Emsal Mahkeme Kararı İstanbul Anadolu 9. Asliye Ticaret Mahkemesi 2021/146 E. 2022/659 K. 11.10.2022 T.

Görüntülediğiniz mahkeme kararı henüz kesinleşmemiştir. Yararlı olması amacıyla eklenmiştir.

T.C. İstanbul Anadolu 9. ASLİYE TİCARET MAHKEMESİ
ESAS NO: 2021/146 Esas
KARAR NO: 2022/659
DAVA: İtirazın İptali (Ticari Satımdan Kaynaklanan)
DAVA TARİHİ : 04/03/2021
KARAR TARİHİ: 11/10/2022
Mahkememizde görülmekte olan İtirazın İptali (Ticari Satımdan Kaynaklanan) davasının yapılan açık yargılaması sonunda,
GEREĞİ DÜŞÜNÜLDÜ:
DAVA:
Davacı vekili —– dava tarihli dilekçesinde özetle; müvekkil ile davalı arasında —– tarihli sözleşmenin —- ödendiğini, bakiyenin iş bitiminde ödeneceği hususunda anlaşıldığını,——- iş bitiminde ödeneceği hususunda anlaşıldığını, müvekkilinin sözleşmeye konu işleri bitirip teslim etmesine rağmen davalı şirketin vaat ettiği ödemeleri gerçekleştirmediğini, davalının ödeme yapmaması üzerine müvekkilinin davalı aleyhine —– dosyası üzerinden takip başlattığını, davalının itirazı nedeniyle takibin durduğunu, arabuluculuk görüşmclcrinde anlaşma sağlanamadığını beyanla, itirazın iptalini, —- alacağın dava tarihinden itibaren ——– işlemiş faizin müvekkile ödenmesini, davalının % 20 ‘den az olmamak üzere icra inkar tazminatına mahkum edilmesini, yargılama giderleri ve vekalet ücretinin karşı tarafa yükletilmesini arz ve talep etmiştir.
CEVAP:
Davalı vekilinin —– tarihli cevap dilekçesinde özetle; davaya konu icra takibinin yetkisiz icra müdürlüğünde açılmış olduğunu, yetkili icra müdürlüğünün alacaklının mersis adresinin bulunduğu —- İcra Müdürlükleri olduğunu, müvekkilinin tüm borcunu ödediğini, davacı tarafça kötü niyetli olarak icra takibi yapıldığını, müvekkili ile davacı tarafça tutulan cari hesap —- kayıtlarında da anlaşılacağı üzere müvekkiline yapılan işlerin karşılığı olarak müvekkiline toplam —– ödeme yapıldığını, davacı tarafından yapılması gereken işlerin eksik yapıldığını, müvekkili tarafından fazlaca ödenen —- müvekkile geri ödenmesi gerekirken müvekkilinden ödeme talep edilmesinin kötü niyetli olduğunu, davacının kötü niyetli olduğunu ve kötü niyet tazminatına hükmedilmesinin gerektiğini belirterek davanın reddine, takip tutarının %20 sinden aşağı olmamak üzere kötüniyet tazminatının davacıdan alınarak müvekkile ödenmesine, yargılama giderlerinin karşı tarafa yükletilmesine karar verilmesini talep etmiştir.
İNCELEME VE GEREKÇE:
Dava, eser sözleşmesine dayalı olarak bakiye iş bedelinin ödenmediği iddiasıyla yapılan takibe itiraz nedeniyle İİK 67. maddeye göre açılmış itirazın iptâli davasıdır.

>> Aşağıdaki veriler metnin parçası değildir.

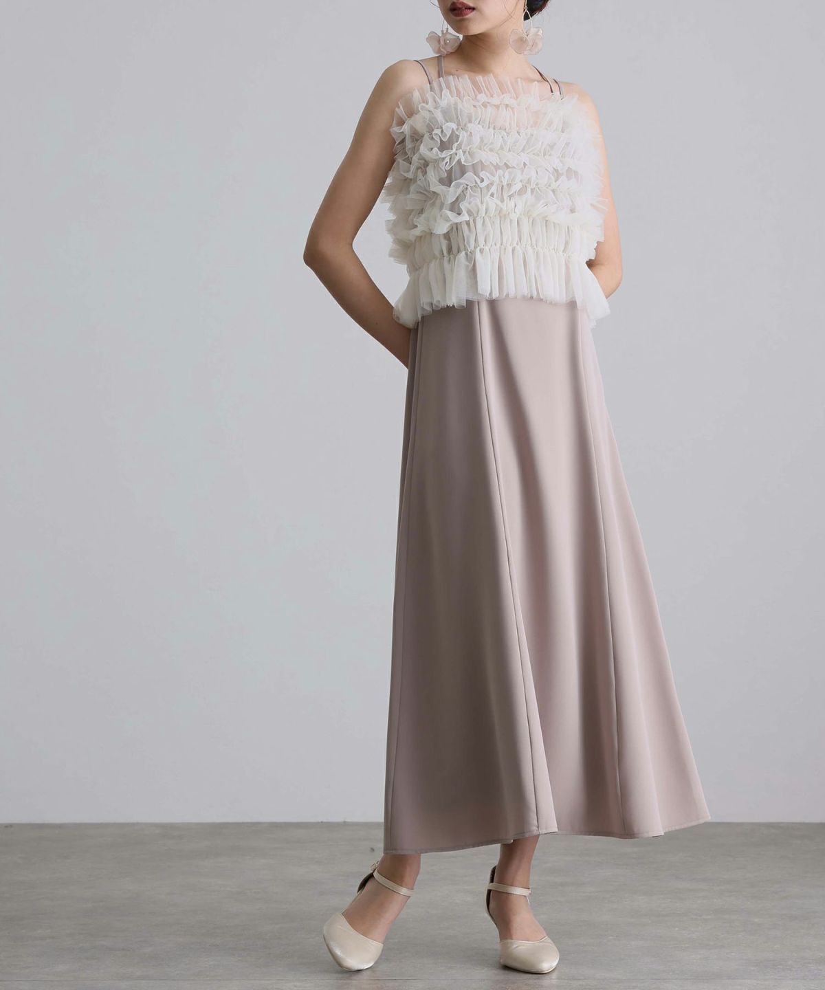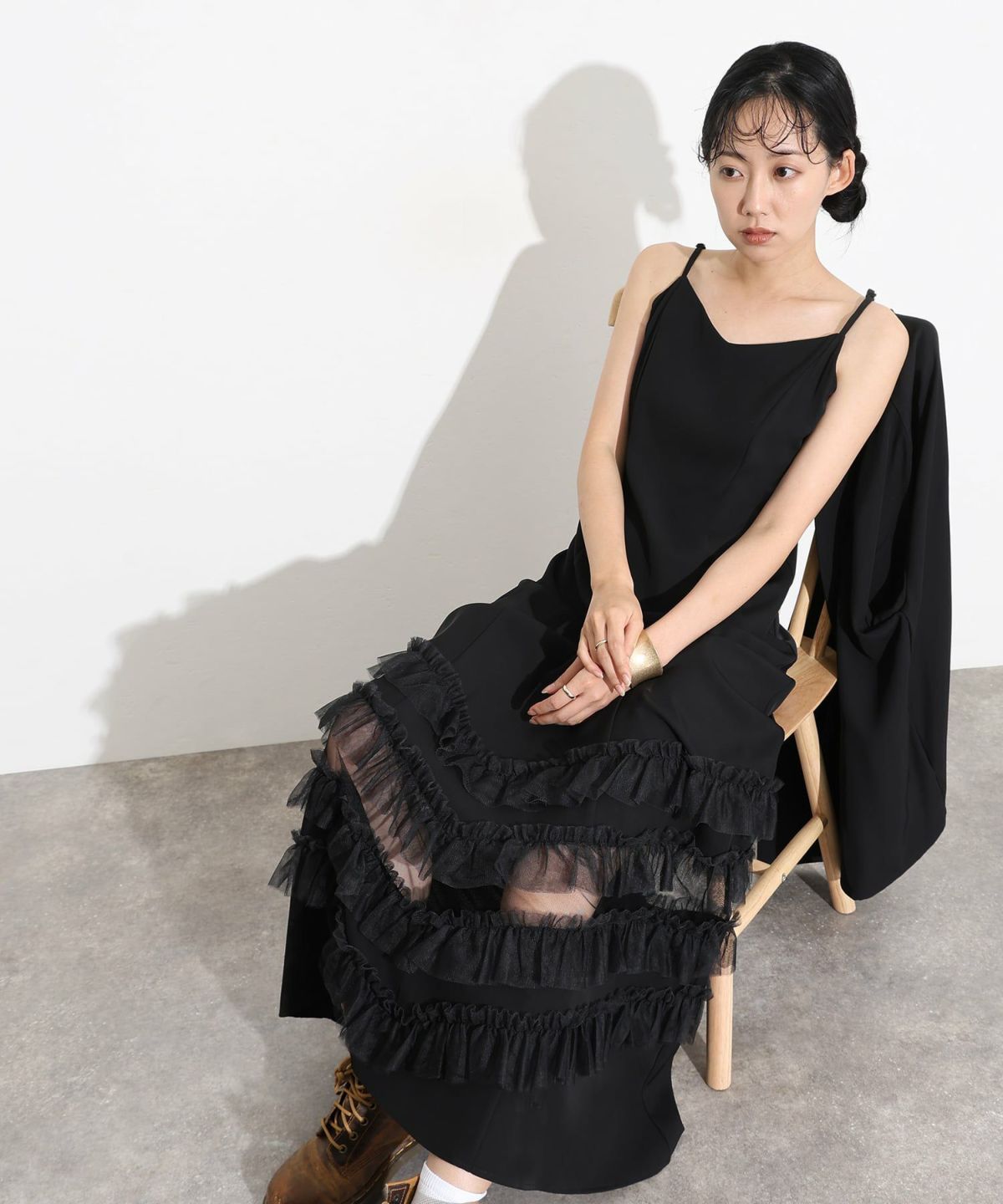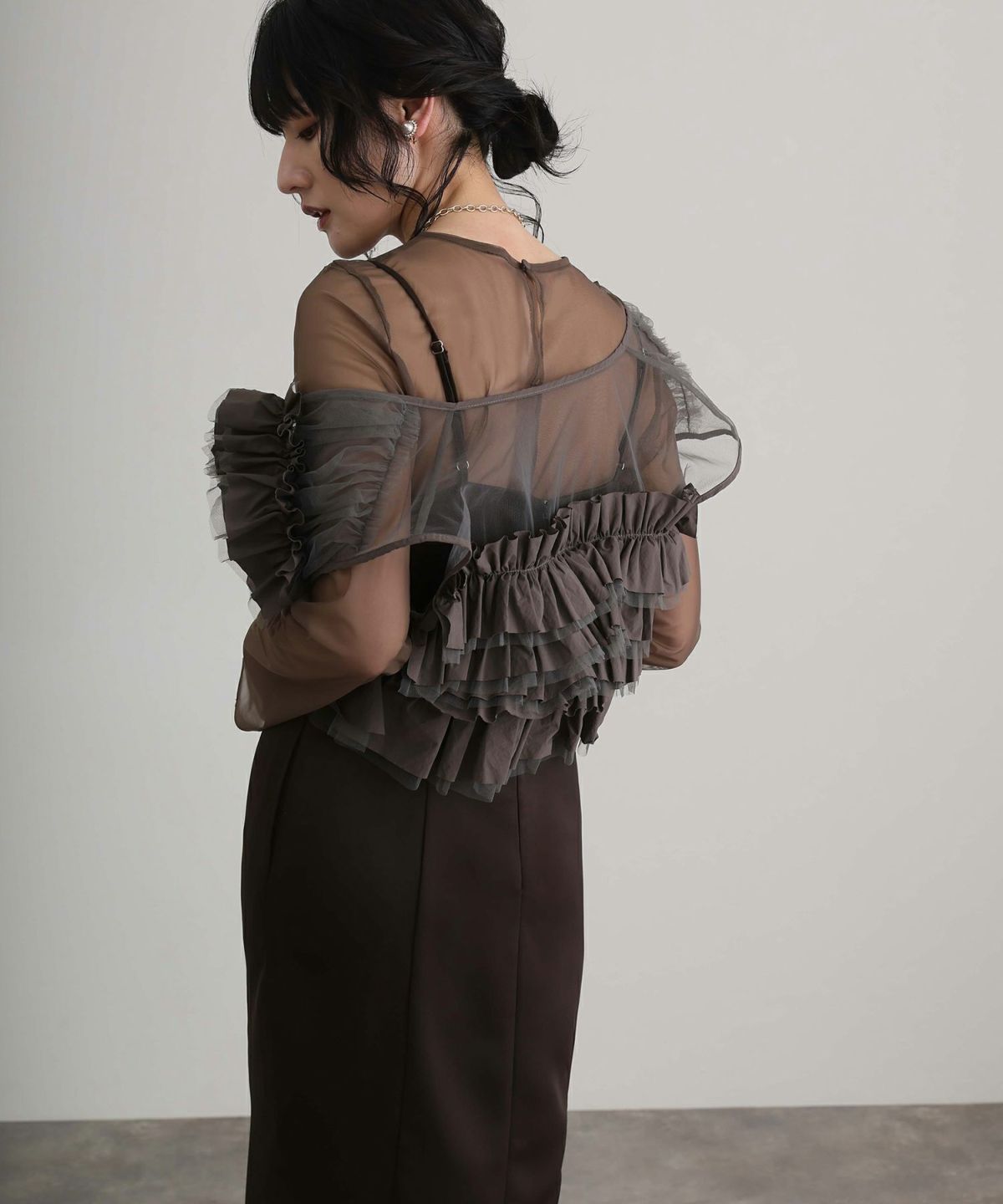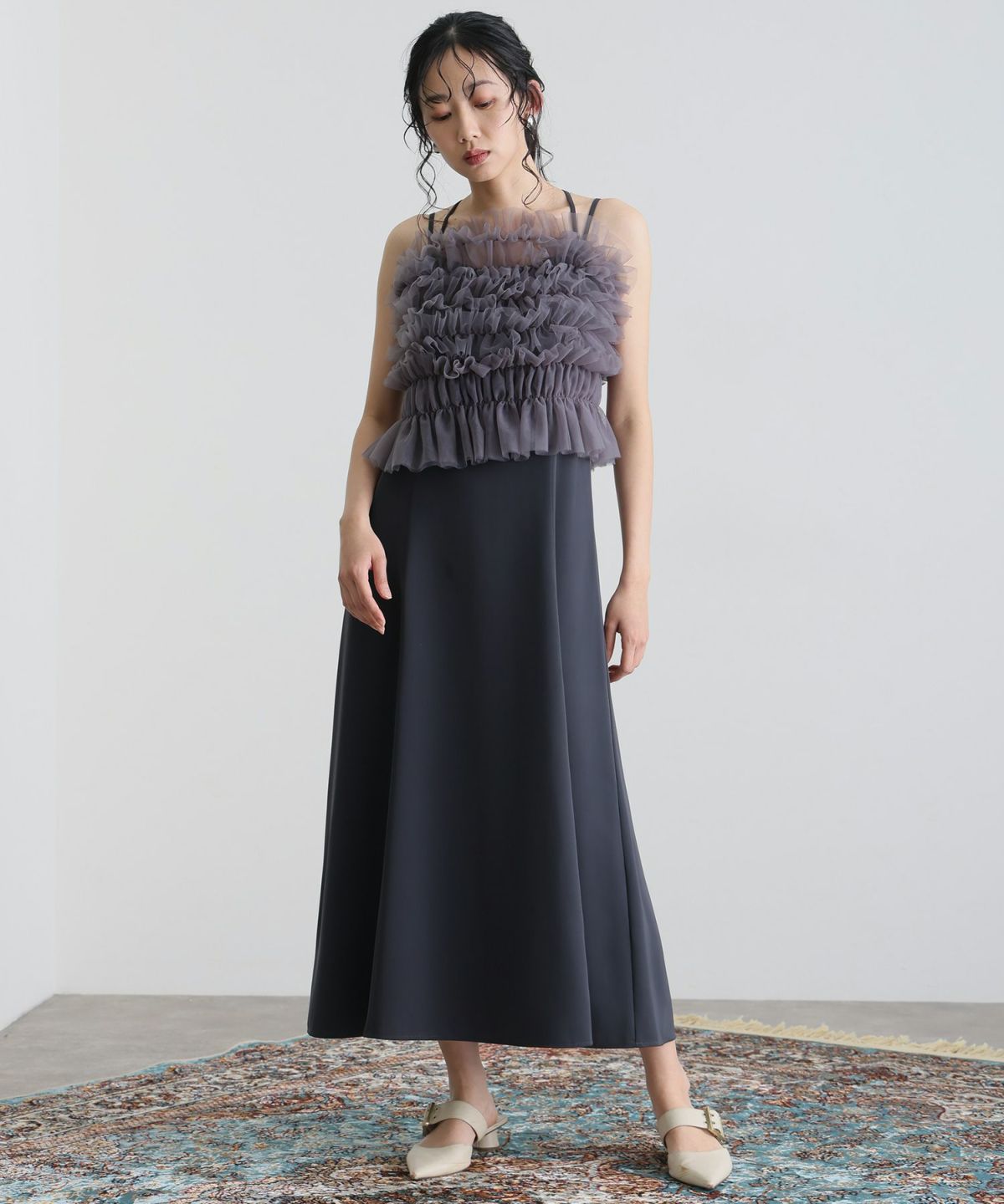 視線を惹きつけるチュールフリル トランスペアレントヘムセットアップドレス 2点セッ

Taraflar arasındaki ilişki eser sözleşmesi niteliğinde olup, davacı yüklenici-taşeron, davalı ise iş sahibidir. Eser sözleşmesi, yüklenicinin bir eser meydana getirmeyi, iş sahibinin de bunun karşılığında bir bedel ödemeyi üstlendiği sözleşmedir. Yüklenicinin borcu sözleşmeye ve fen ve tekniğine uygun şekilde ve zamanında işi teslim, iş sahibinin borcu ise, iş bedelinin ödenmesidir
Somut dosyada; Davalı tarafından taşeron olarak yapımı üstlenilen——davacı şirket ile davalı arasında iki adet sözleşme düzenlenmek suretiyle; protokolde bir kısım imalatlarının yapılmasının kararlaştırıldığı uyuşmazlık konusu değildir. Uyuşmazlık, davacı taşeronun hakettiği iş bedelinin ne kadar olduğu, sözleşmeden kalan bakiye alacak olup olmadığı ve davalı tarafından davacıya ne kadar ödeme yapıldığı noktalarında toplanmaktadır.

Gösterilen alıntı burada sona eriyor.